- Born: October 14, 1881 Baltimore, Maryland
- Died: January 11, 1965 Baltimore, Maryland
- Citizenship: United States
- Education: The Johns Hopkins University (B.S. 1903, Ph.D. 1907)
- Scientific career
- Fields: Food Science
- Workplaces: H.J. Heinz Company Mellon Institute of Industrial Research IFT USDA

= Fred C. Blanck =

American food scientist

Frederick Conrad Blanck (October 14, 1881 – January 11, 1965) was an American food scientist who was involved in the founding of the Institute of Food Technologists (IFT), which was involved in the publishing of food and nutrition articles and books.

== IFT founding ==
A charter member of IFT when it was founded in 1939, Blanck proposed at the last session of the meeting at the Massachusetts Institute of Technology to have the new society dealing with food science in the United States be called the Institute of Food Technologists.
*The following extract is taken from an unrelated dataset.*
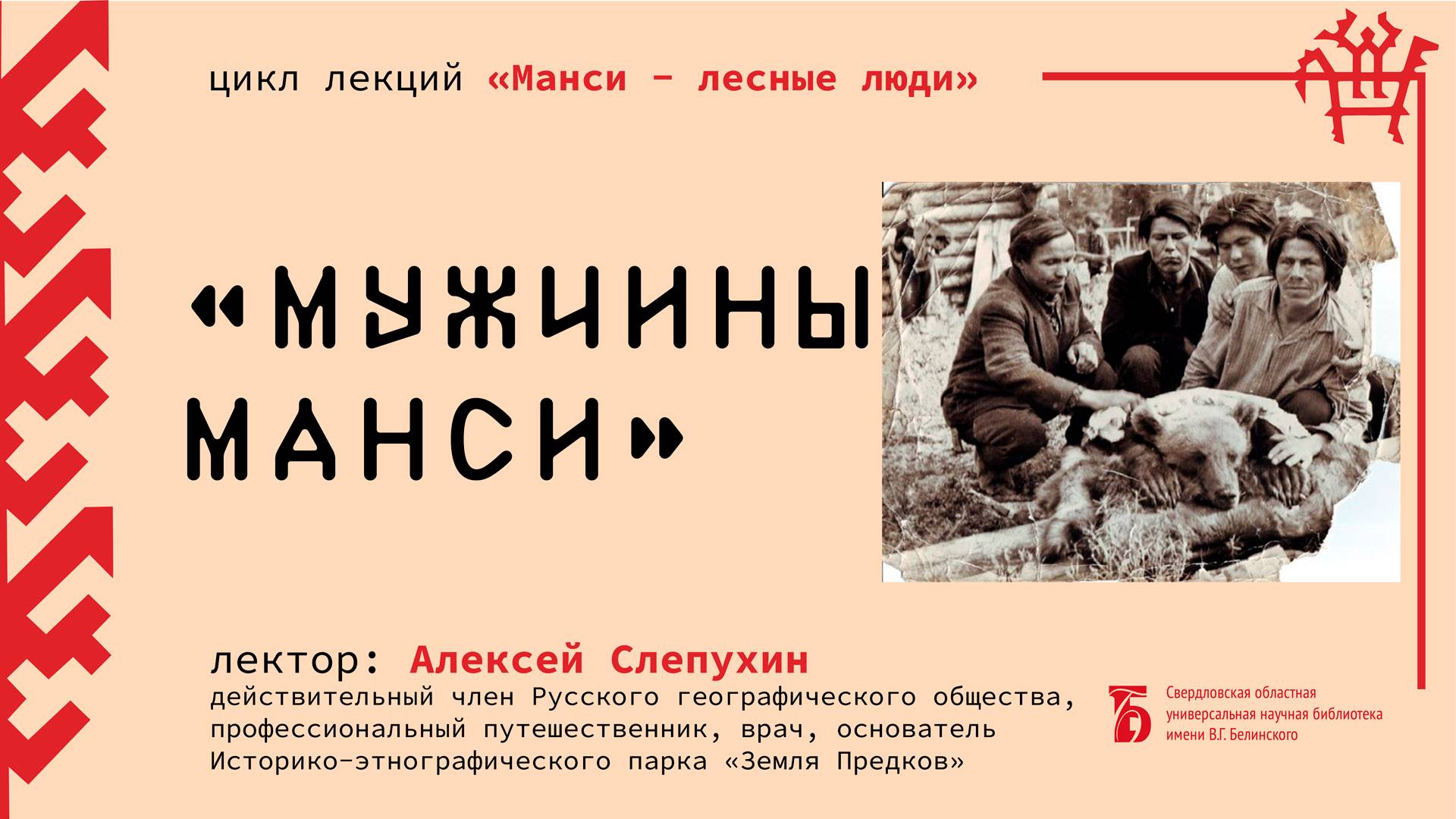Лекция из цикла «Манси – лесные люди». Мир таежных людей начал формироваться очень давно. Законы существования общества претерпевали различные изменения в зависимости от разнообразных факторов: соседи, завоеватели, климатические условия, система питания и мировоззрение. Но главенствующая роль мужчин у древних охотников в наших горах прослеживается на протяжении длительного периода, уходя глубоко в тайны веков. Наследниками культур древних людей стали представители последнего (к приходу русскоязычного населения) коренного народа на Среднем и Северном Урале – вогулы или манси. Лектор – Алексей Слепухин, действительный член Русского географического общества, профессиональный путешественник, основатель Историко-этнографического парка «Земля Предков». Лекция состоялась в 2022 г. Свердловская областная универсальная научная библиотека им. Белинского http://book.uraic.ru/ сайт https://vk.com/club6745014 VK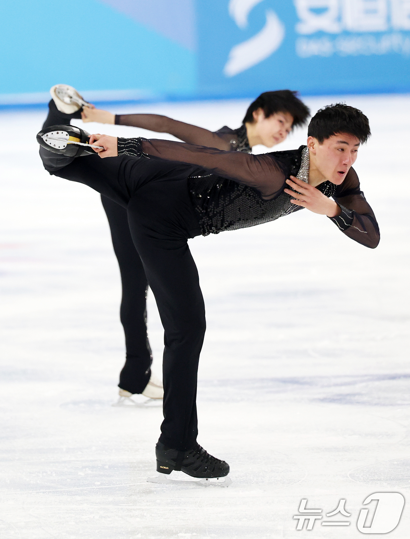 (하얼빈(중국)=뉴스1) 이승배 기자 = 하얼빈 동계아시안게임에 출전하는 북한 피겨 페어 렴대옥, 한금철이 11일(현지시간) 중국 헤이룽장성 하얼빈 빙상훈련센터 다목적홀에서 훈련하고 있다. 2025.2.11/뉴스1

He would serve as president of IFT in 1944-45 and would be named the first winner of the Stephen M. Babcock Award, now the Babcock-Hart Award, in 1948.

== Career ==
During his career, Blanck worked for the H.J. Heinz Company, the Mellon Institute of Industrial Research (Carnegie Mellon University since 1967), and the United States Department of Agriculture.

== Selected works ==
- A. H, Jr., F.C. Blanck, and F.C. Wooster. (1950). Reviews of Nutritional Data. Pittsburgh: H.J. Heinz Company.
- Blanck, F.C., Ed. (1955). Handbook of Food and Agriculture. New York: Reinhold Publishing Corp.